Джозеф Файндер - Дьявольская сила
Себя я назвал Кристианом Бартлеттом, вторым атташе канадского консульства с Тальштрассе в Мюнхене.
– Передайте, пожалуйста, ему это письмо, – сказал я на немецком языке – хоть с жутким акцентом, но понять вполне можно.
– Да, разумеется, сэр, – с готовностью поднялся портье и протянул руку за конвертом. – Но его здесь нет. Он ушел в полдень.
– Куда же? – поинтересовался я и положил конверт во внутренний карман пиджака.
– Думаю, принять ванну.
– В какое же место?
Он недоуменно пожал плечами:
– Извините, но я не знаю.
* * *В Баден-Бадене, по сути дела, всего два приличных заведения с ваннами, и оба на Ромерплац: одно со старыми банями, их еще называют Фридрихсбад, а другое – термы Каракаллы. Сначала я зашел в эти термы, опять разыграл сценку с письмом и натолкнулся на равнодушный ответ: герра Штосселя здесь не было и нет. Но в разговор вмешался пожилой служитель и сказал:
– Герр Штоссель сюда не ходит. Поищите его в Фридрихсбаде.

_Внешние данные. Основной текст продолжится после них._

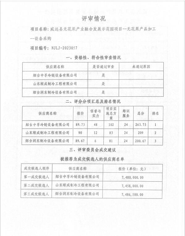 威远县无花果产业融合发展示范园项目--无花果产品加工--设备采购结果公告

Там какой-то служитель средних лет с желтым болезненным лицом подтвердил: да, герр Штоссель находится здесь.
– Я Кристиан Бартлетт из консульства Канады, – сказал я по-немецки. – Мне нужно весьма срочно увидеть герра Штосселя.
Служитель медленно, но упрямо как осел, покачал головой:
– Он сейчас парится, а нам наказал не беспокоить его.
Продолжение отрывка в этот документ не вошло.